The task: Retype word for word the stretch of entries below from the line that has "Set di Divani" through the line that has "オイルレザー ロングウォレット 長財布", and omit the pictures.

Exercise inputs:
━━━━━━━━━━━━━━━━
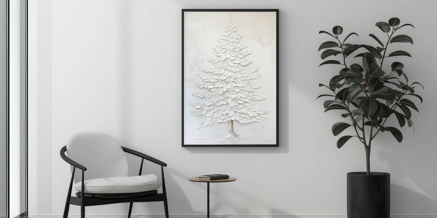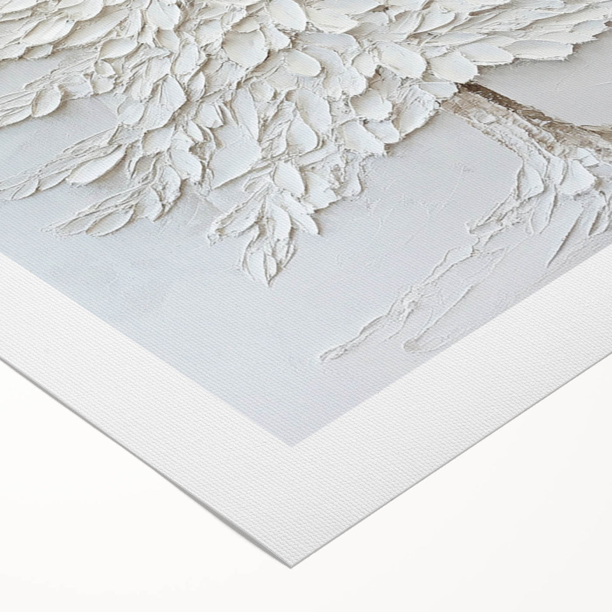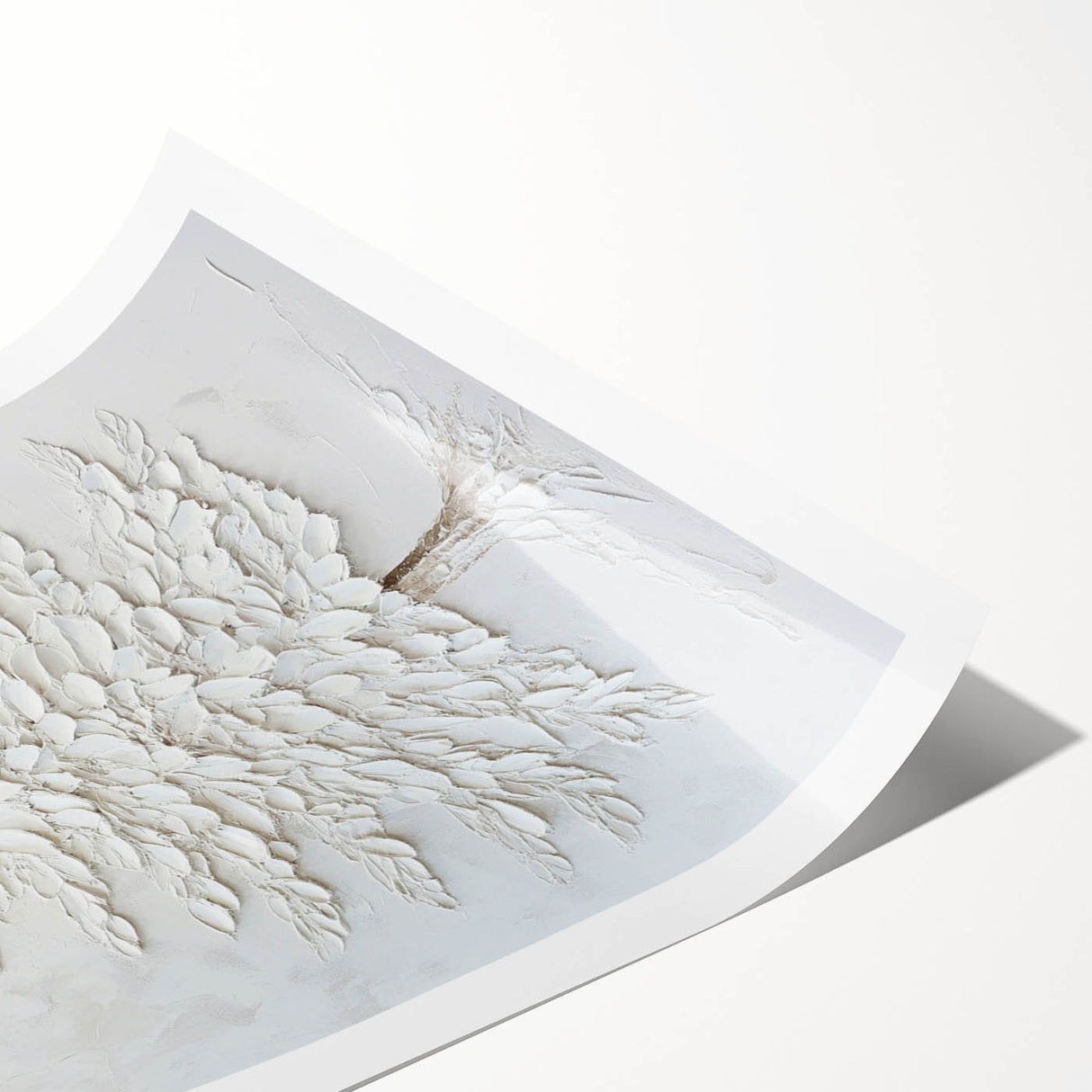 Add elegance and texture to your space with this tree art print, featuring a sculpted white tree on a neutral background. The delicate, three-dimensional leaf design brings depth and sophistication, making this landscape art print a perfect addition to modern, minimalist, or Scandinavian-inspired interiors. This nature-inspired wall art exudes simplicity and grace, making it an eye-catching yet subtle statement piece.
━━━━━━━━━━━━━━━━
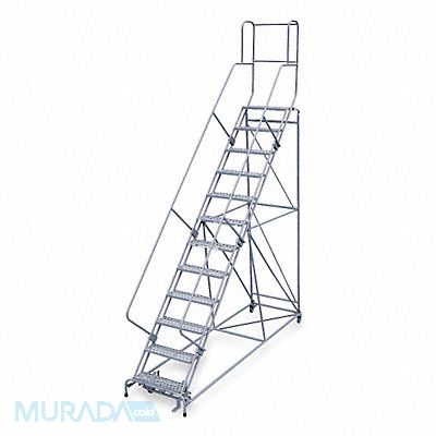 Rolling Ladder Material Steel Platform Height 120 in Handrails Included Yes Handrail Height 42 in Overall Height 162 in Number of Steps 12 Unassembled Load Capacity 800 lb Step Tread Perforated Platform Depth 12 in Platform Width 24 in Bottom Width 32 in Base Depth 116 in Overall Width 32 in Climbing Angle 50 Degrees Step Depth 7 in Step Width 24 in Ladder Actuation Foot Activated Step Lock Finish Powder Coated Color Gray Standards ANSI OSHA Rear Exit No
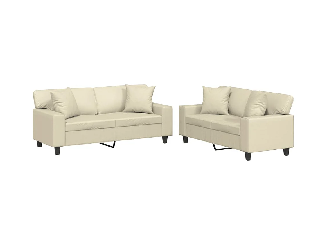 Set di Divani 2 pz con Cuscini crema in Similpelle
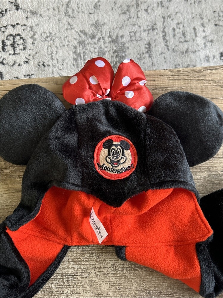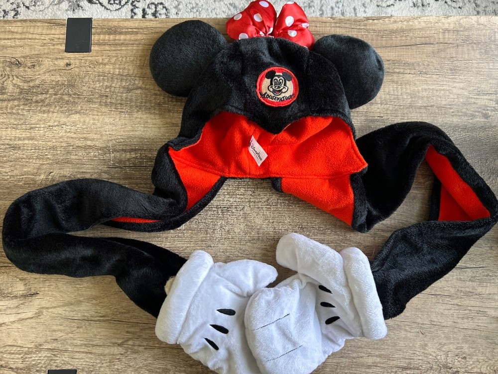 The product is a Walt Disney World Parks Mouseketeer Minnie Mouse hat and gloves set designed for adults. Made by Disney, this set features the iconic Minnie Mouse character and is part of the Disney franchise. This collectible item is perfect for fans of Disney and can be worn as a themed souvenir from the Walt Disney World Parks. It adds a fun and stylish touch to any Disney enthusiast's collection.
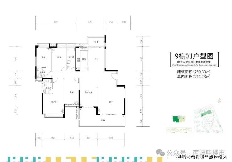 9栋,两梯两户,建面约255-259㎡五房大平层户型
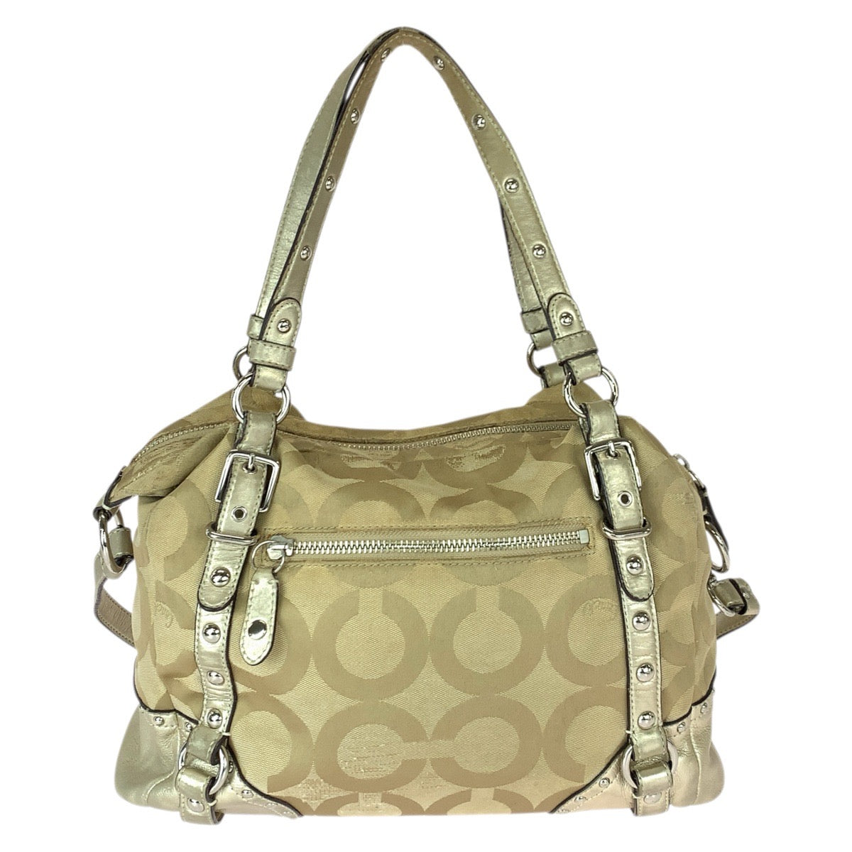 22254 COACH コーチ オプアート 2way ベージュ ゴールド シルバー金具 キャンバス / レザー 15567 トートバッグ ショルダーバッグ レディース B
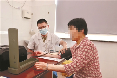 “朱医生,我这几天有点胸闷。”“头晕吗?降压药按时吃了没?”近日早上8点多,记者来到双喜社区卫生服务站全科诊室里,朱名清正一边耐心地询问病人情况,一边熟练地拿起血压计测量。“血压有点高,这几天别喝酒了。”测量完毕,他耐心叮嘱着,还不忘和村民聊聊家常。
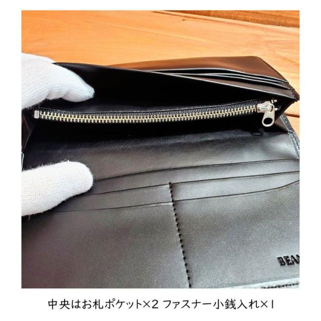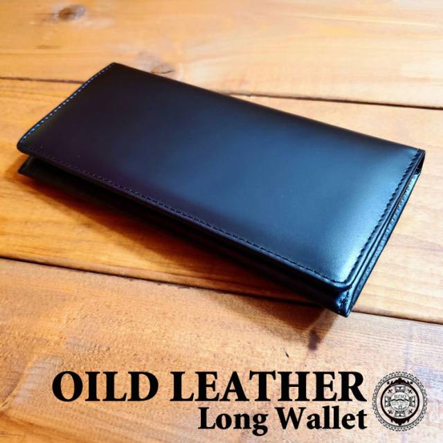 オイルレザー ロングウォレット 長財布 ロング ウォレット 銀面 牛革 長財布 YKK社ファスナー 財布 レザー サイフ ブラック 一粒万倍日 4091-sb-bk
━━━━━━━━━━━━━━━━
Result of this task:
 Set di Divani 2 pz con Cuscini crema in Similpelle
 The product is a Walt Disney World Parks Mouseketeer Minnie Mouse hat and gloves set designed for adults. Made by Disney, this set features the iconic Minnie Mouse character and is part of the Disney franchise. This collectible item is perfect for fans of Disney and can be worn as a themed souvenir from the Walt Disney World Parks. It adds a fun and stylish touch to any Disney enthusiast's collection.
 9栋,两梯两户,建面约255-259㎡五房大平层户型
 22254 COACH コーチ オプアート 2way ベージュ ゴールド シルバー金具 キャンバス / レザー 15567 トートバッグ ショルダーバッグ レディース B
 “朱医生,我这几天有点胸闷。”“头晕吗?降压药按时吃了没?”近日早上8点多,记者来到双喜社区卫生服务站全科诊室里,朱名清正一边耐心地询问病人情况,一边熟练地拿起血压计测量。“血压有点高,这几天别喝酒了。”测量完毕,他耐心叮嘱着,还不忘和村民聊聊家常。
 オイルレザー ロングウォレット 長財布 ロング ウォレット 銀面 牛革 長財布 YKK社ファスナー 財布 レザー サイフ ブラック 一粒万倍日 4091-sb-bk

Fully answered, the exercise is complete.